我慢の限界だったのだろう、篠ノ之はどこに持っていたのかしれない木刀で殴った。普通に考えれば危ないことだが・・・・・
「殴りますよ!」
「殴ってから言った~!箒ちゃん酷い~!」
あの人が、篠ノ之に嫌われている理由って、此れじゃ無いかと思っていたら、天災さんの登場に、混乱している生徒達を見かねて、天災さんに自己紹介させる様に言った。
「はあ・・・・束。いい加減自己紹介くらいしろ」
「え~・・・面倒くさいな~まぁでも、仕方ないね」
織斑先生が呆れたように促すと、天災さんは口を尖らせて本当に面倒くさそうにしていたが、何かを呟くと口を開いた。
「はろ~♪私が皆のアイドルにして天才の篠ノ之束さんだよ~!はい終わり!」
織斑の自己紹介よりかは、幾分マシだったが、此れは酷いとしか言いよが無い。
その後、織斑に何か言っていたが、満足した様で俺の所に来てこう言った。
「やあ、ゆう君早速で悪いけど、解剖して良い?」
「織斑先生〜、貴女の親友の四肢の骨粉々に、砕いて良いですか〜?」
「ちょっ!冗談だよ!冗談!ほら、私とゆう君の仲だからこその挨拶として」
「襲撃者と被害者の挨拶が、解剖して良い?とか笑えませんね天災さん」
突然の解剖して良い?発言に、突然の四肢の骨を砕く宣言で、返した俺に天災さんは、慌てて訂正して来た。

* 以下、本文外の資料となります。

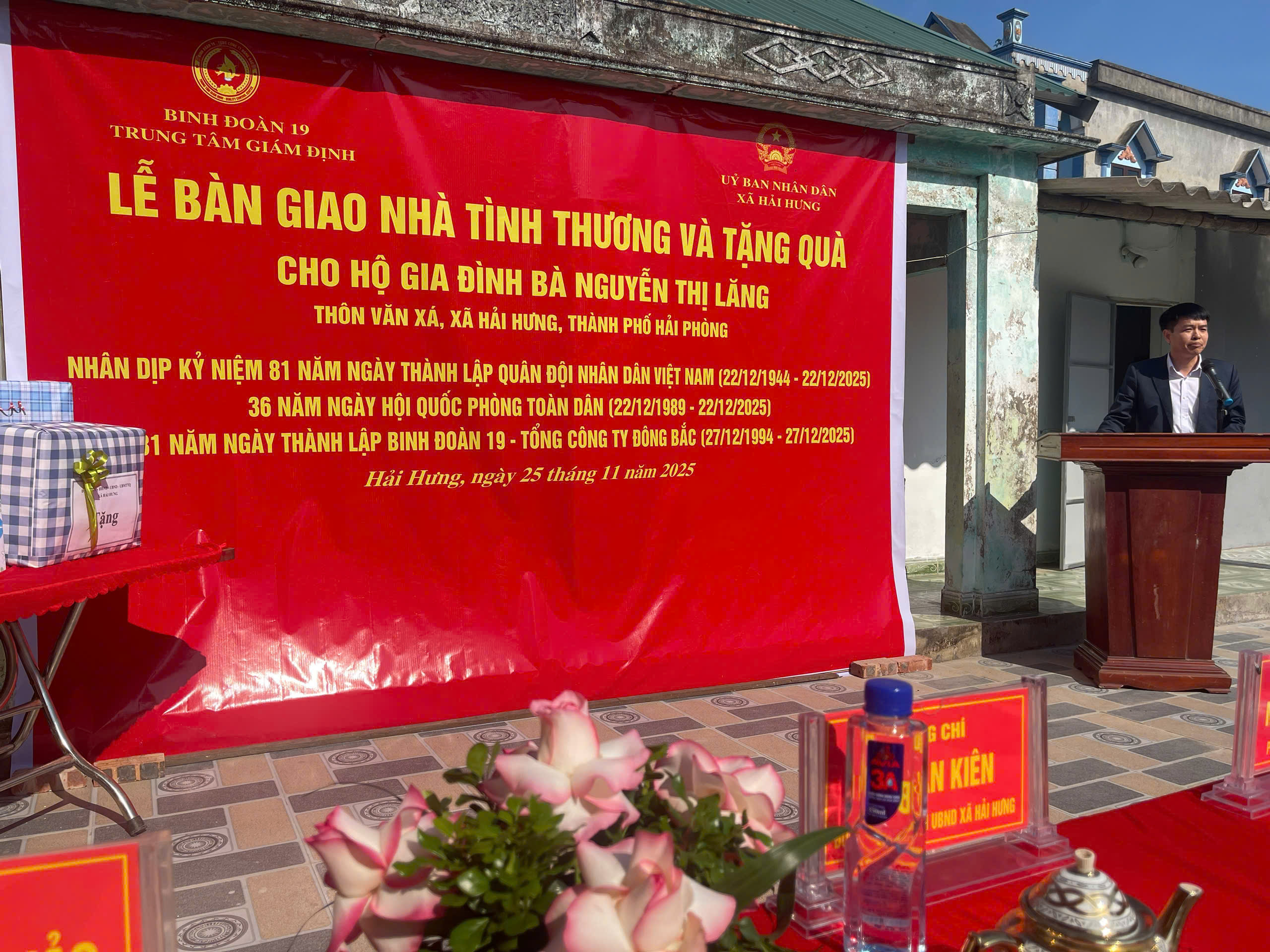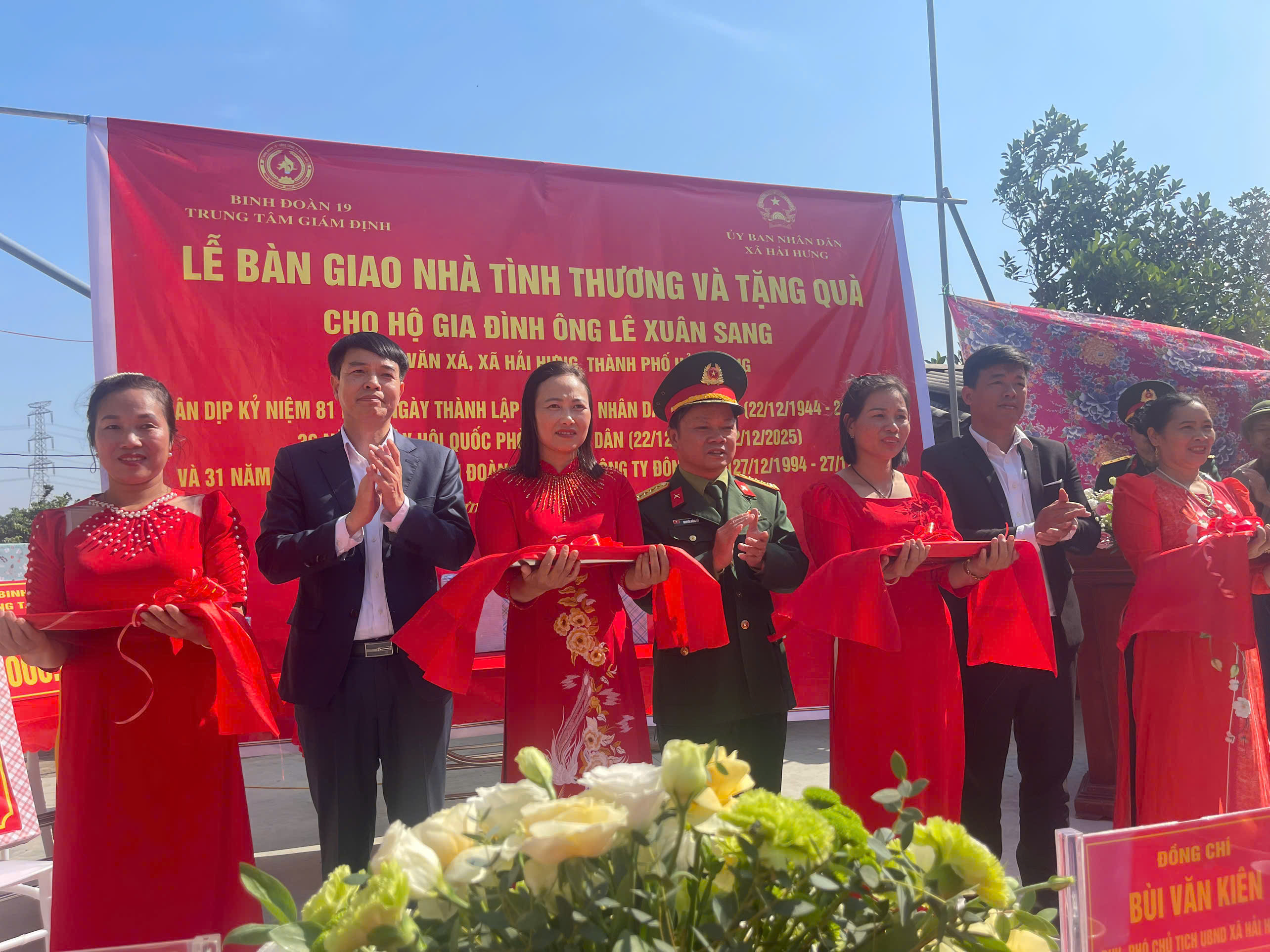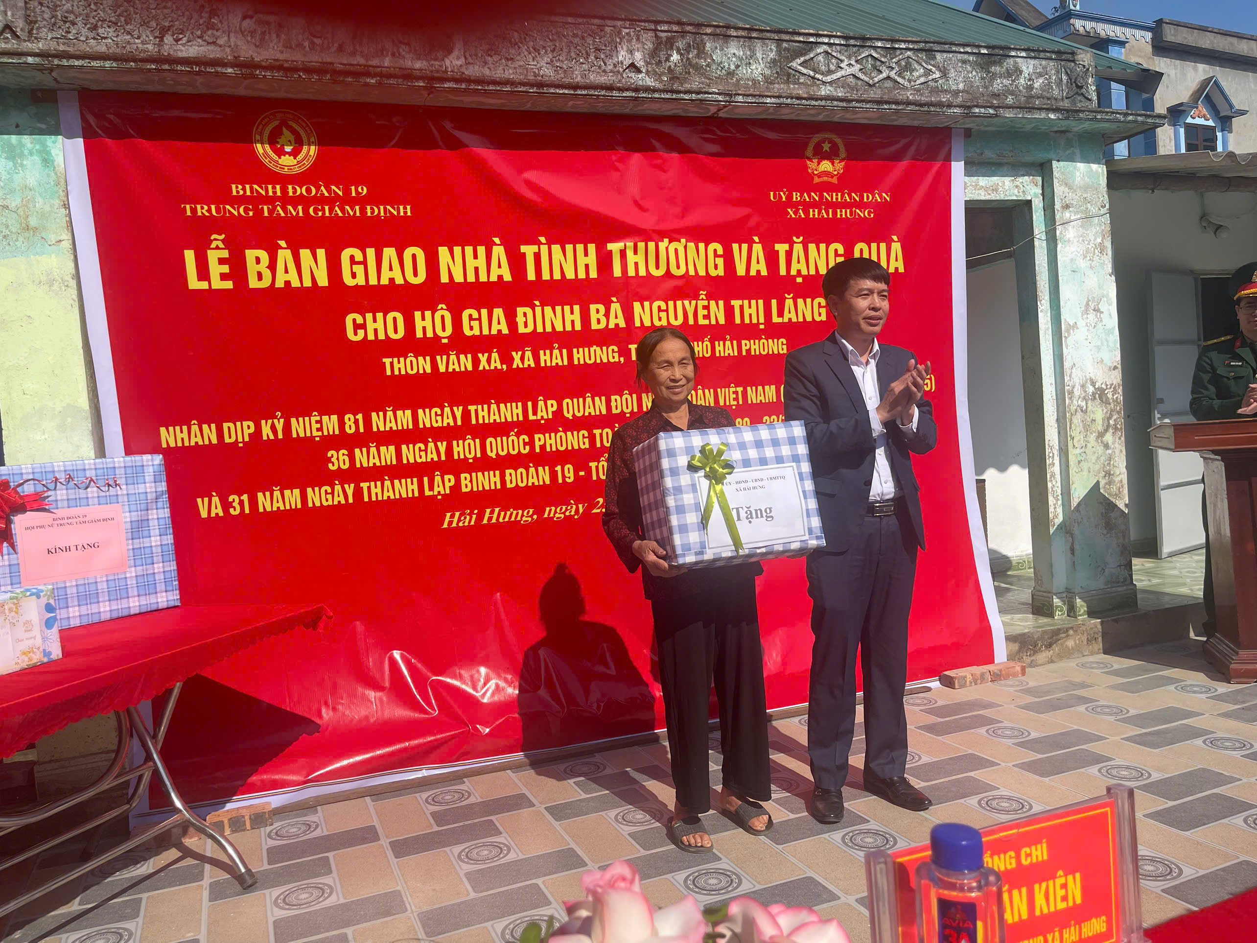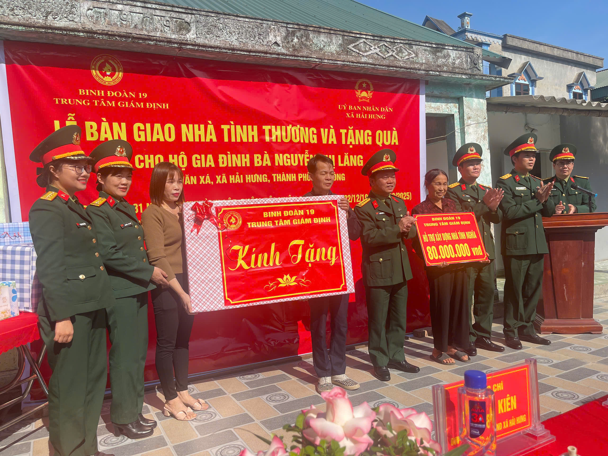 BINH ĐOÀN 19 TRUNG TÂM GIÁM ĐỊNH PHỐI HỢP UBND XÃ HẢI HƯNG TỔ CHỨC LỄ BÀN GIAO NHÀ TÌNH THƯƠNG VÀ TẶNG QUÀ CHO HỘ GIA ĐÌNH ÔNG LÊ XUÂN SANG VÀ BÀ NGUYỄN THỊ LĂNG CÙNG Ở THÔN VĂN XÁ, XÃ HẢI HƯNG

その後、フリーズから復活した織斑が、驚いた様子で、俺を問いただして来た。
「な、何で束さんが夕紀の事を名前で、呼んでいるんだ?!」
「其れはね!ゆう君とゆう君の友達達が、私が興味を示す事を思い付くから何だよ!因み、その友達達も名前呼びだよ?」
「マジかよ………」
当たりは割と騒がしかった。
唐突な終わり。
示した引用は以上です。